Fliers and revenue increase as Air India joins Star Alliance

Debt-ridden carrier’s transfer revenue jumps 150% to over $9 mn, in talks with 14 airlines for code-sharing

business Updated: Aug 07, 2015 05:51 IST
Tushar Srivastava
Tushar Srivastava
Hindustan Times
Air India's Dreamliner aircraft.(File photo)
Air India's Dreamliner aircraft.(File photo)( )

Joining the Star Alliance, a global group of 28 international carriers, has paid rich dividends to flag carrier Air India (AI) as passenger transfers from group members have more than doubled and revenues from such transfers witnessed more than two-fold increase.

A transfer happens in case a passenger is going to a location AI does not service. AI will take the passenger to a location nearest to the destination from where a different airline will ferry the passenger. The revenue is shared between the two airlines.

Established in 1997, Star Alliance is the biggest of the three global airline alliances with the other two being SkyTeam and oneworld. AI completed a year in the alliance on July 11. AI is the first Indian carrier to be inducted into Star Alliance. AI was originally accepted as a future member of Star Alliance in December 2007, but the integration process was halted in July 2011.

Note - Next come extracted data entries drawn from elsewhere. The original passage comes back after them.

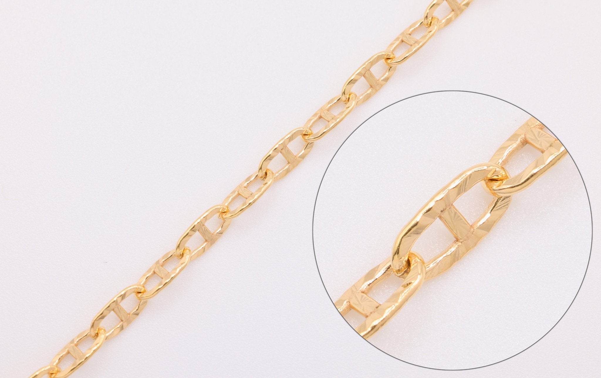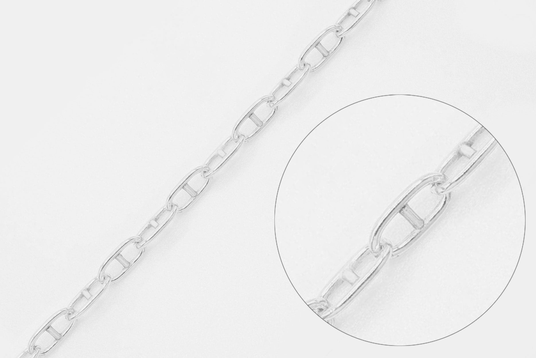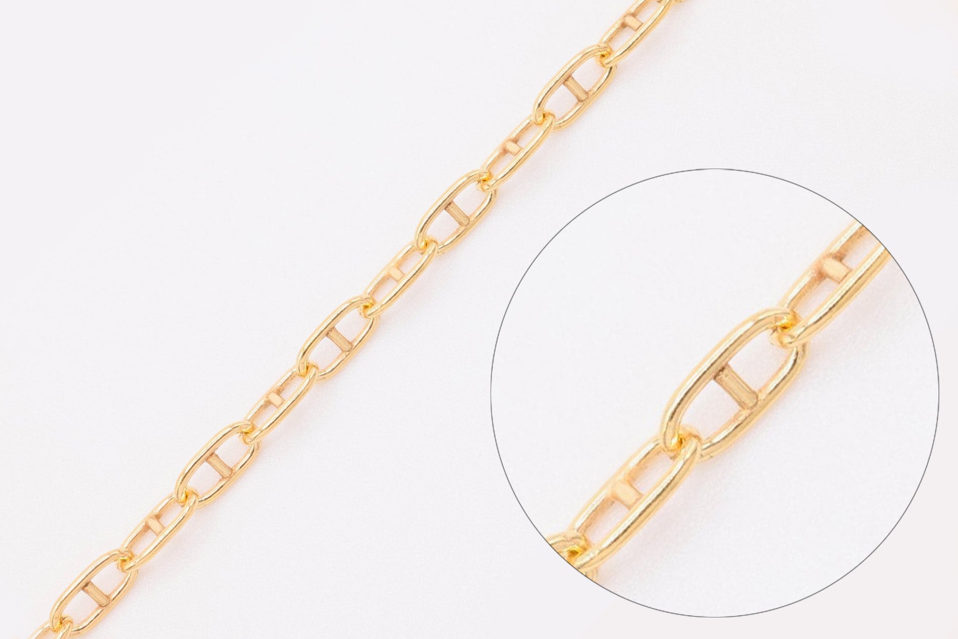Our Anchor Chain, also known as a mariner chain, is a perfect choice for jewelry makers. This chain, inspired by the nautical chain, features a distinctive design similar to chains used to anchor ships. Each link is oval-shaped with a vertical bar running through the middle, giving it a unique and robust appearance. Each link is oval-shaped and has a bar (also known as a vertical stabilizer) across the center. This design is not only aesthetic but also adds strength to the chain.
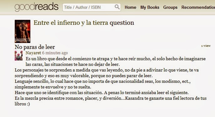 Libro entre el infierno y la tierra KassfinolEstoy muy contenta al ver este lindo comentario. Vale la pena dejar de hacer muchas cosas que hace la gente normal por tener tiempo para escribir y contar mis historias. ¡Gracias por valorar y apreciar lo que hago!Este libro podrán conseguirlo en cualquiera de los canales de venta tanto en #físico como en #kindle o #pdf aquí ---> www.kassfinol.com/tienda ¡Estoy segura que les gustará!
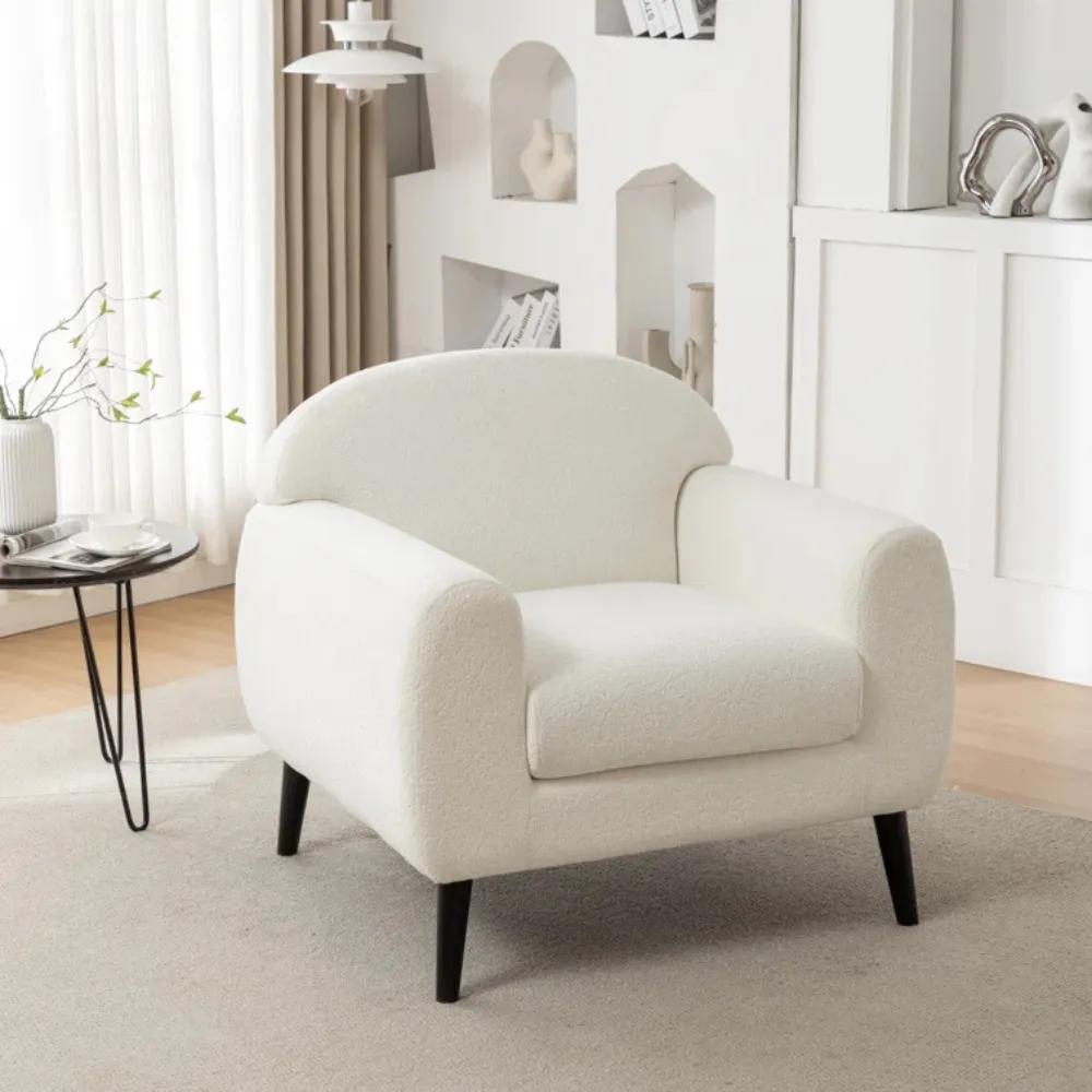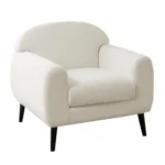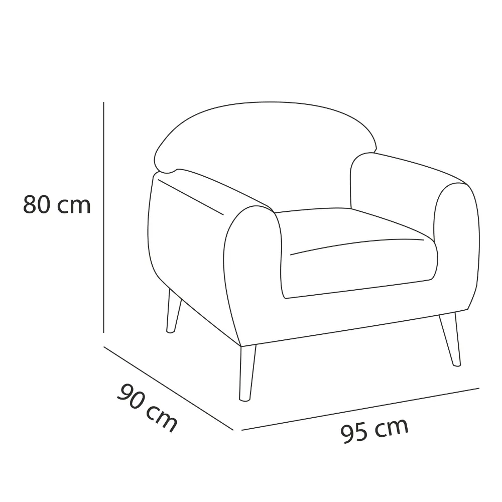 Esta butaca de estilo minimalista es ideal para espacios pequeños. Sus patas negras le dan un contraste elegante, haciéndola perfecta para interiores modernos o escandinavos.

“Joining Star Alliance has allowed AI passengers to use Star’s facilities such as airport lounges, fly on a network of around 20,000 daily flights to over a thousand airports in over 190 countries, and redeem air miles on airlines such as Lufthansa and Singapore Airlines,” said aviation expert Rajji Rai.

“The revenues and transfers should increase substantially as we are in advanced talks with at least 14 foreign airlines for code share agreements. A majority of these belong to Star,” said an AI official.

Code-share is a ticket-selling agreement between two airlines whereby one airline can market and sell the flights of another airline and provide seamless travel to multiple destinations where it doesn’t fly.

At a time when Gulf carriers have managed to corner the biggest pie of the Indian international market — around 40% of all international traffic from the country is West Asian bound — many international carriers want code-shares with AI.